Nous pensons fort mal, peut-être ne pensons-nous pas même le moins du monde, et nous agissons, en tout cas, bien plus mal encore lorsque nous saisissons le pouvoir, dans sa représentation comme dans son exercice, en terme de « qui ». En croyant ainsi que le problème fondamental que soulève la question du pouvoir est celui de son occupant ou de son détenteur, nous nous trompons lourdement. Savoir d’abord qui est habilité à exercer le pouvoir n’a nul sens si n’est avant tout défini ce pouvoir lui-même. Le problème de fond est ainsi de savoir de quel pouvoir il s’agit, ce qu’est le pouvoir, quels en sont le fondement, les assises sociales, et la fonction au sein de la totalité sociale.

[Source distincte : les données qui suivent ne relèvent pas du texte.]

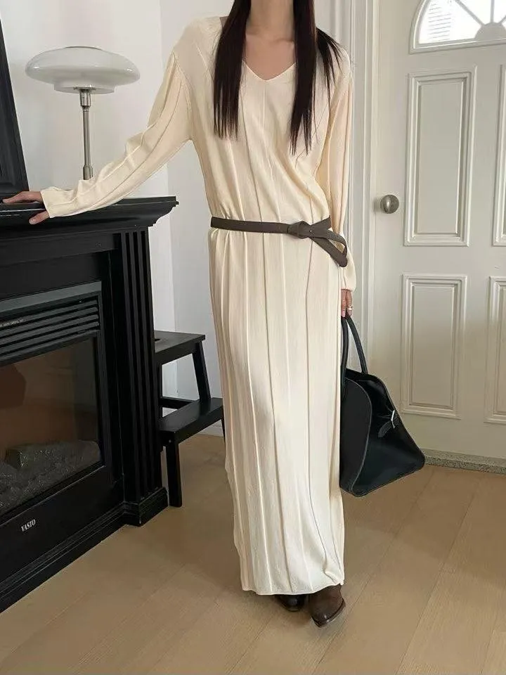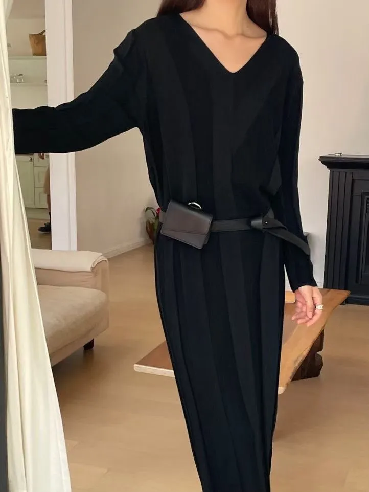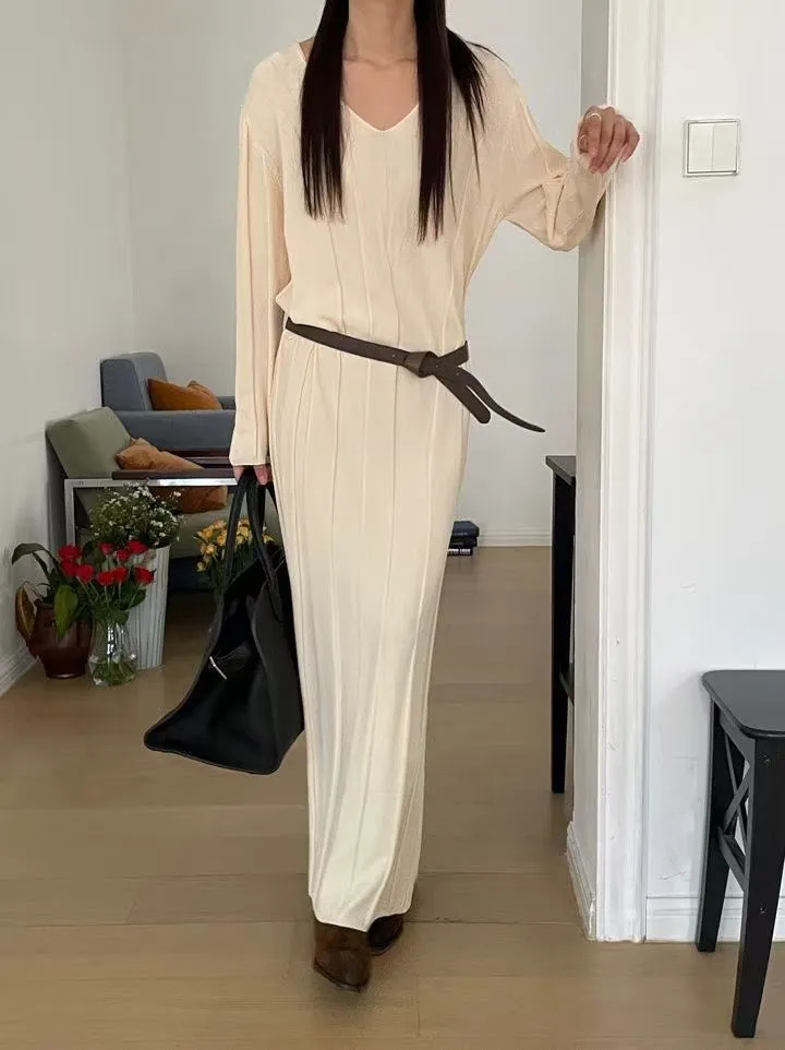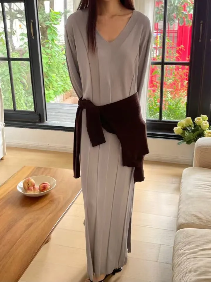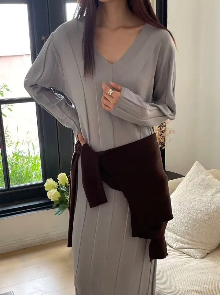 B122(限量特)高檔櫃直紋針織V領長袖洋裝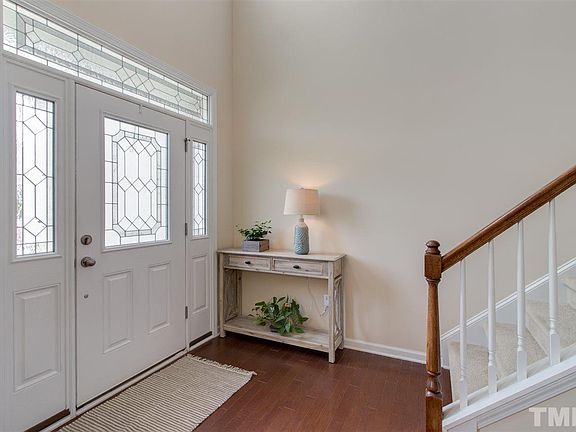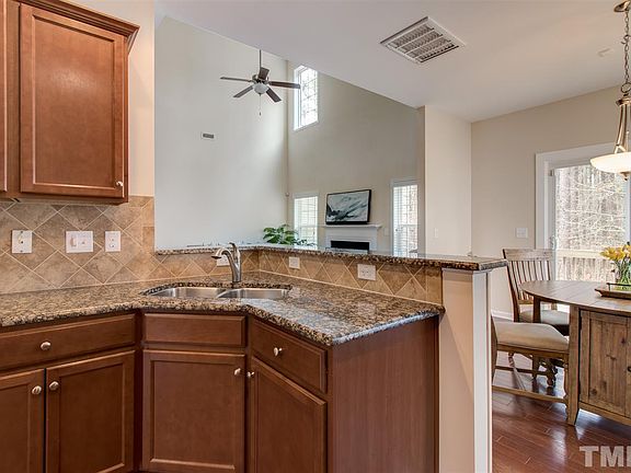 Stroll into popular Everwood! Main level owner's suite with walk-in closet, separate tub, and walk-in shower. Two story family room with fireplace is filled with natural light overlooking wooded buffer. Open concept kitchen with breakfast nook flows to family room. 3 Bedrooms + Bonus room w/closet (could be 4th bedroom) & generous Loft. Custom patio and private, semi-fenced yard. Convenient to UNC, Duke, I-40, RTP. Refrigerator, Washer, Dryer convey.

Autrement dit, et c’est en quoi consiste la dernière leçon publique de Ruben Um Nyobè, le fond du problème est relatif à la nature ou encore à la qualité, ou comme disent les philosophes, à l’essence du pouvoir. Laquelle se détermine et ne se mesure, au plan politico-juridique, qu’à l’aune du droit et de la force, et au plan socio-économique, d’après les intérêts à la défense desquels le primat est accordé, intérêts qui peuvent être nationaux ou étrangers.

Cette thèse capitale est pratiquement l’une des dernières et des plus importantes énoncées en juin 1957 par Ruben Um Nyobè, soit un an et trois mois seulement avant son assassinat, et c’est de la sorte, une thèse signée du sang d’UM. Toute quête d’effets émotionnels verbaux mise à part, elle fait indiscutablement partie de ce qu’on peut, sans exagération aucune, appeler le testament de Ruben Um Nyobè.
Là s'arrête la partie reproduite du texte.